• Exercise goal
A faithful, picture-free copy of the listing below is required.

• Exercise data
▬▬▬▬▬▬

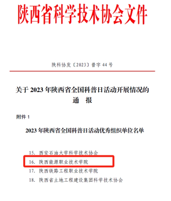 近日,陕西省科学技术协会发布了《关于2023年陕西省全国科普日活动开展情况的通报》(陕科协发[2023]普字44号),全省共举办线上线下群众性科普活动3000余项,我校被评为2023年陕西省全国科普日活动优秀组织单位。
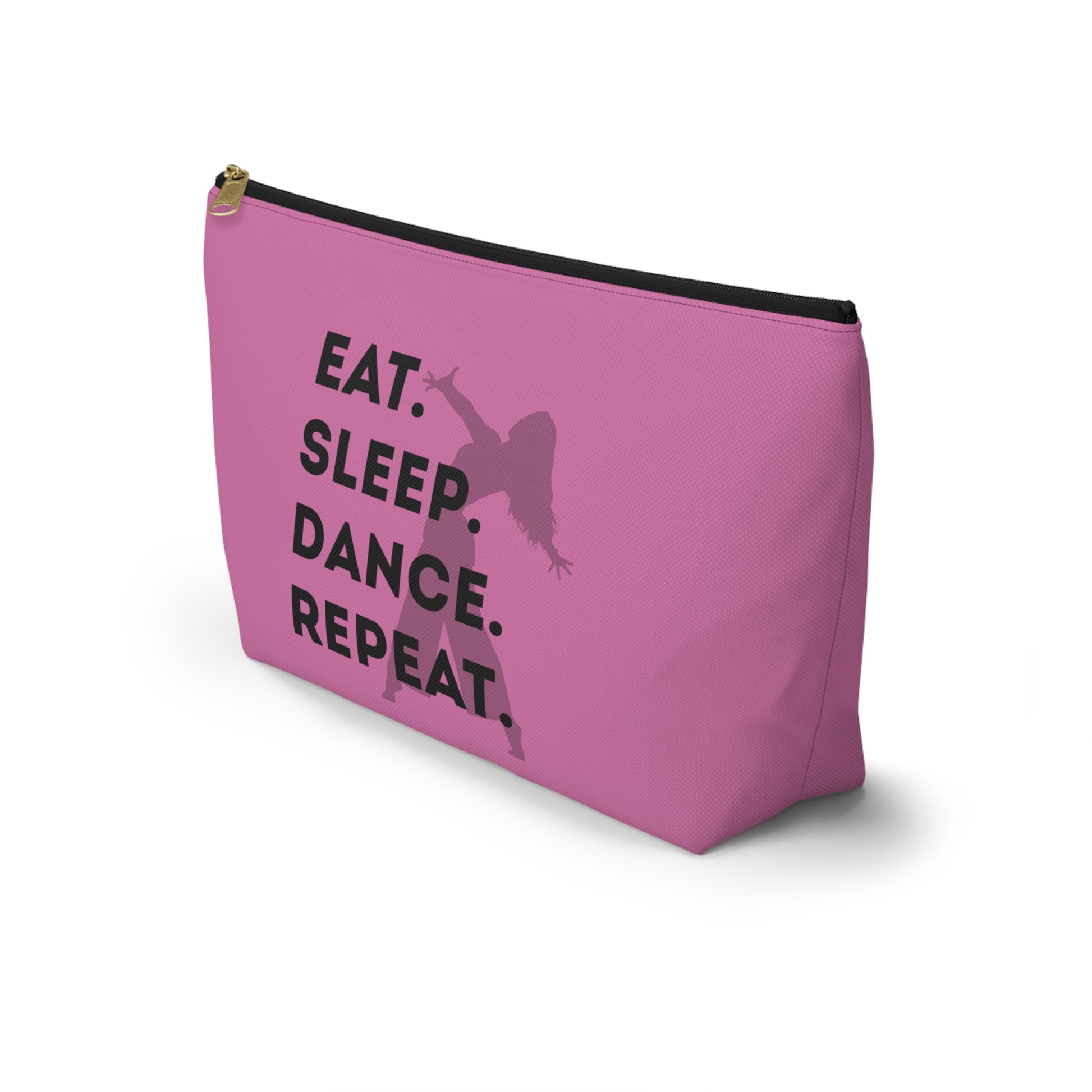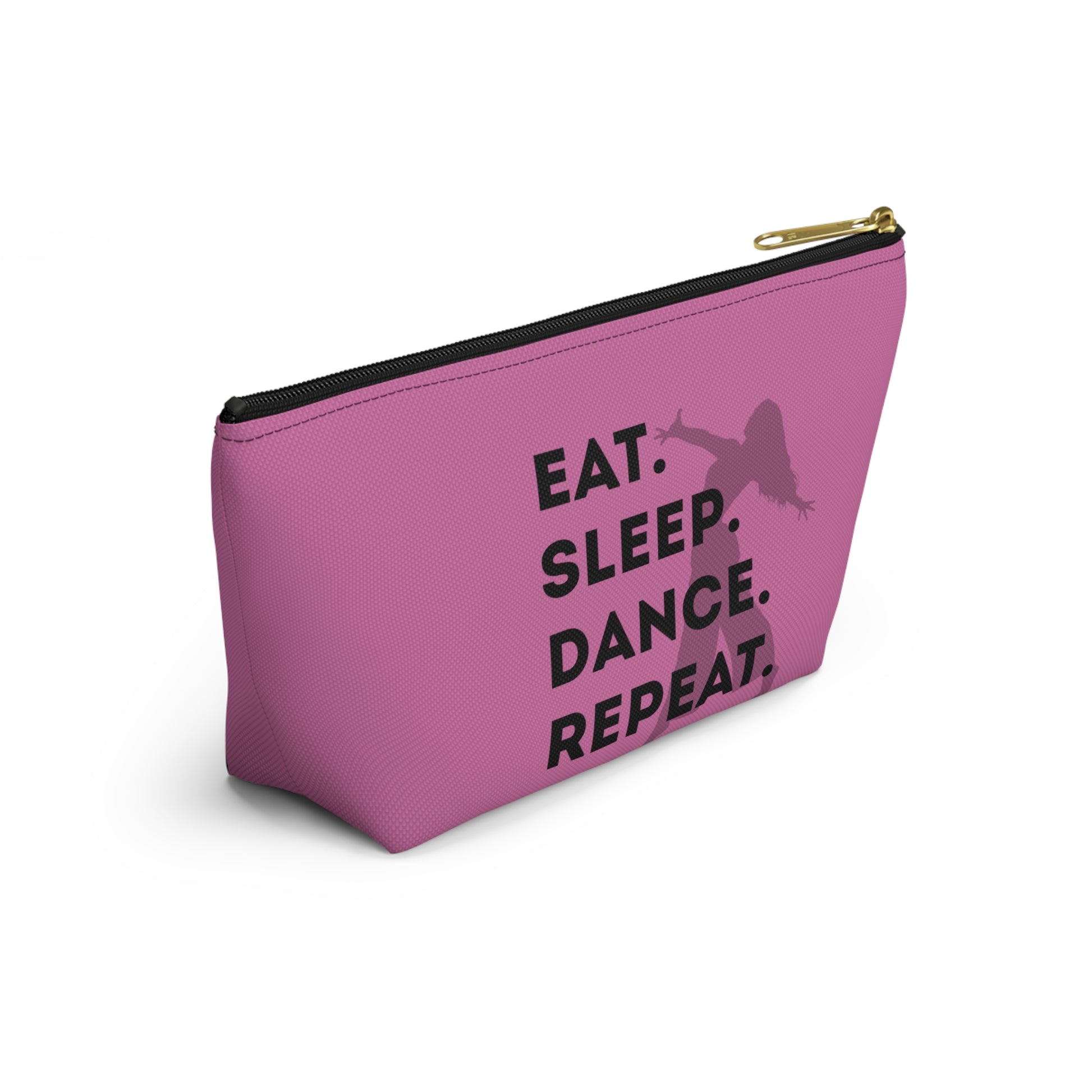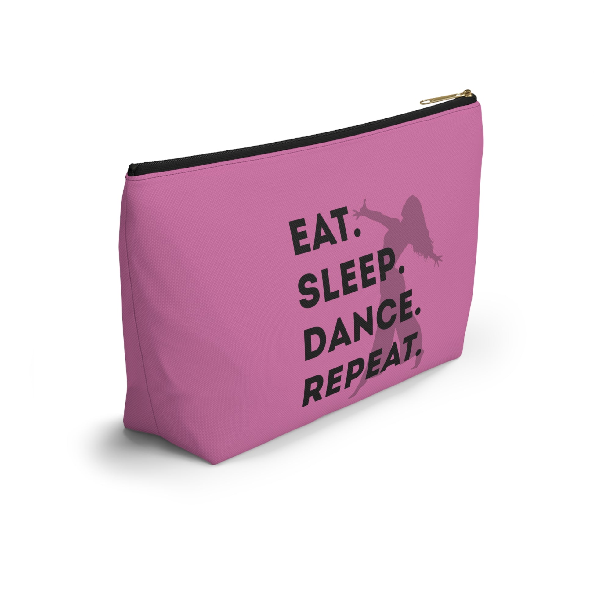 “Eat Sleep Dance Repeat” Makeup Bag – Bold Dancer Graphic – Dance-Themed Zipper Pouch for Cosmetics, Accessories & Travel Essentials
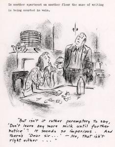 "But isn't it rather peremptory to say, 'Don't leave any more milk until further notice'? It sounds so imperious. And there's 'Dear sir...'-No, that isn't right either..."
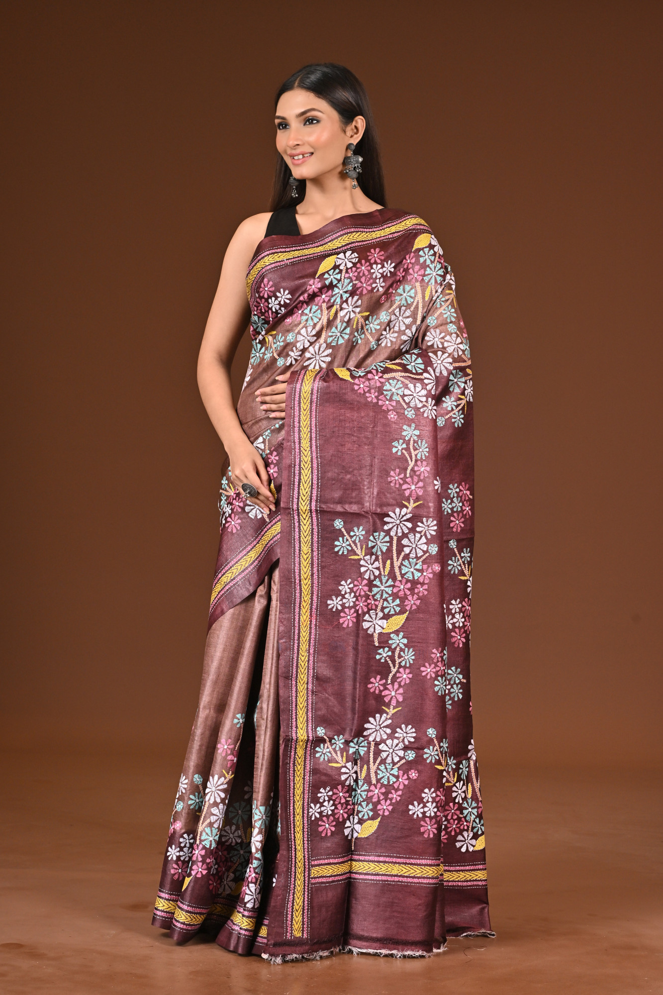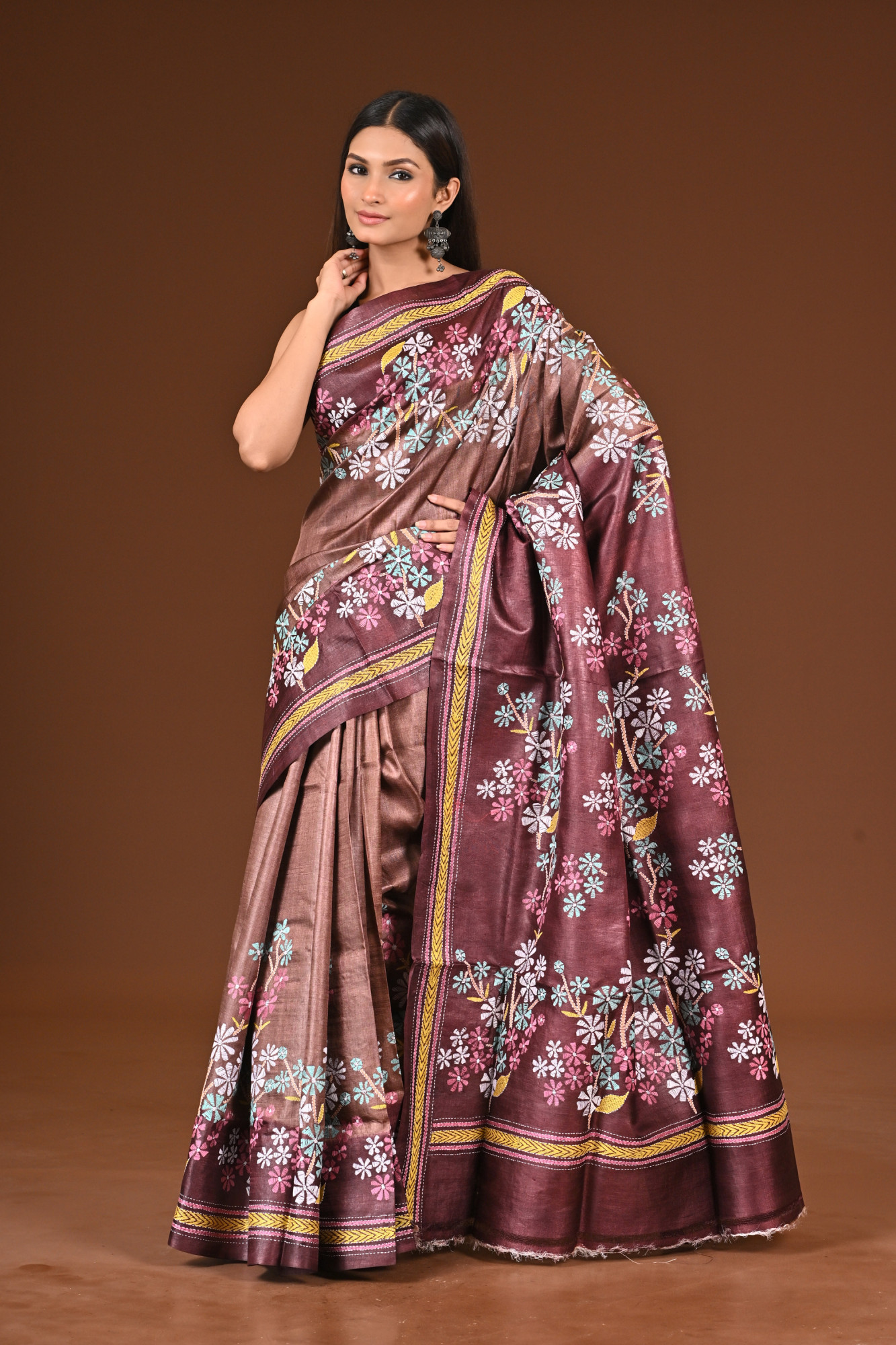 PURE SILK KANTHA SAREE

▬▬▬▬▬▬

• Response to this exercise
 近日,陕西省科学技术协会发布了《关于2023年陕西省全国科普日活动开展情况的通报》(陕科协发[2023]普字44号),全省共举办线上线下群众性科普活动3000余项,我校被评为2023年陕西省全国科普日活动优秀组织单位。
 “Eat Sleep Dance Repeat” Makeup Bag – Bold Dancer Graphic – Dance-Themed Zipper Pouch for Cosmetics, Accessories & Travel Essentials
 "But isn't it rather peremptory to say, 'Don't leave any more milk until further notice'? It sounds so imperious. And there's 'Dear sir...'-No, that isn't right either..."
 PURE SILK KANTHA SAREE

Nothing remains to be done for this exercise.